To analyze the resistance to plastic deformations of the VTAO and BBTM mixtures, The cyclic triaxial confined test based on UNE-EN 12697-25 (part B) standard (17) was conducted on cylindrical specimens with a diameter of 101.6 mm and height of 63 mm (Figure 3B). These specimens (compacted by applying 50 blows per side with a Marshall standard hammer) were tested using a 120 kPa constant confinement stress (in order to simulate the generated stress due to the presence of an existing mass around the loading zone), and a 300 kPa cyclic axial load with a frequency of 3 Hz (which simulates the stresses generated by traffic). The triaxial tests were carried out at 40 ° C, applying 10,000 load cycles.

2.2.3. Cracking resistance and interlayers adhesivenessTOP

The UGR-FACT (University of Granada – Fatigue Asphalt Cracking Test) method was used to examine the combined action of the traffic loads and thermal gradients on the fatigue cracking resistance and interlayer adhesiveness of the mixtures studied (18-20). This test method simulates the efforts that lead to the failure of an asphalt pavement (Figure 3C). The test device consists of a base (Figure 4a), two supports where the specimen is fixed (Figure 4b), and a load application plate (Figure 4c). The base has a platform that is composed of two sloping surfaces with two rails that allow for the sliding of the supports, and two vertical spindles that are used to measure vertical deformations in the upper part of the test specimen (Figure 4d). The two supports are composed of a carriage that is adapted to the shape of the rail at the base (leading to effective load transmission), and a support plate (to which the test specimen is attached with epoxy resin) where the horizontal deformation gauges (LVDT) are located (Figure 4e). Furthermore, under these support plates, two elastic elements are placed in order to allow for the flexion of the specimen (Figure 4f) and a spring that simulates the foundation layers (Figure 4g). The distance between the supports can vary according to the type of deterioration that needs to be reproduced (e.g. a crack, pre-crack, dilatation joint, pothole, etc.). Finally, the load application plate is composed of a piece of steel that is thick enough to prevent deformations during the load application (thus avoiding differential errors due to its own deformation) whilst providing a flat surface for the vertical deformation gauges (Figure 4e).

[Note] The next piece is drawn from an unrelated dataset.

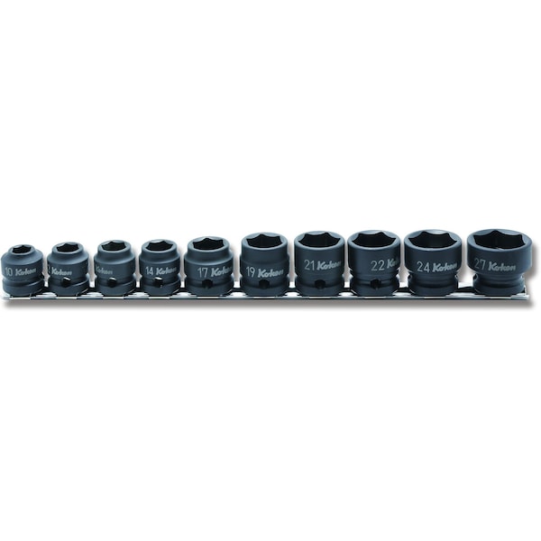 Socket set 10-27mm 6 Point 300mm Thin walled 10 pieces 1/2 Sq. Drive, RS14401MS/10

Figure 4. UGR-FACT test device.


Thus, the UGR-FACT method is capable of evaluating both the mechanical performance and interlayer adhesiveness of asphalt layers, using various specimens that simulate pavement structures. For this purpose, specimens (with a dimension of 300 × 300 × 90 mm) composed of a 70 mm AC 32 mixture base layer and a 20 mm VTAOM surface layer (bonded with 2 kg/m2 of emulsion) were manufactured using a vibratory compactor. Following the manufacture of these samples, they were sawed into smaller prismatic specimens (with dimensions of 220 × 60 × 90 mm) that were used for testing with the UGR-FACT method. Other specimens composed of a 70 mm AC32 base layer and a 35 mm BBTM 11B surface layer were manufactured using a similar procedure, but with a dosage of emulsion equal to 0.6 kg/m2 to ensure the adherence between layers. Finally, the 300 × 300 × 105 mm compacted specimens were sawed into smaller specimens of 220 × 60 × 105 mm for testing with the UGR-FACT method.

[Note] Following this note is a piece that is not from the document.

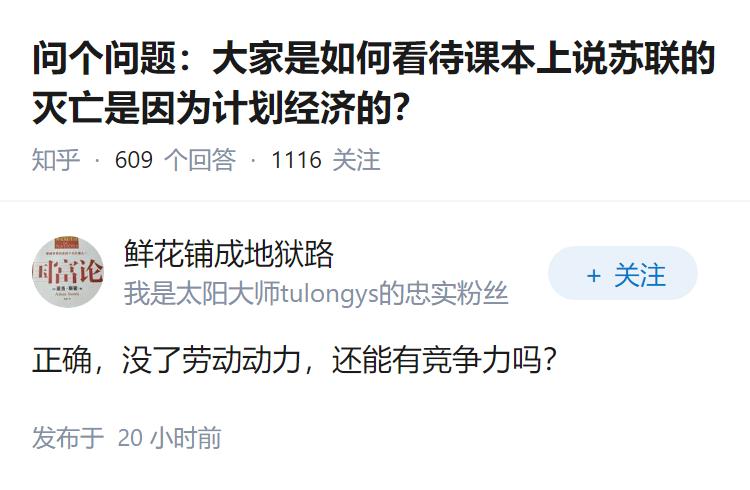 问个问题:大家是如何看待课本上说苏联的灭亡是因为计划经济的?

The fatigue cracking resistance of these specimens was evaluated using the UGR-FACT test at three different temperatures of 10, 20 and 30 °C. In addition, to assess the influence of traffic loading, these tests were carried out at two different levels of traffic — 335 and 500 kPa — to simulate medium and high stress levels respectively. Similarly, a frequency of 5 Hz was used to simulate heavy traffic conditions at 80-100 km/h. In order to obtain a representative profile of the mechanical response of the studied asphaltic layers, for each type of mixture, temperature, and load conditions used, three specimens were tested.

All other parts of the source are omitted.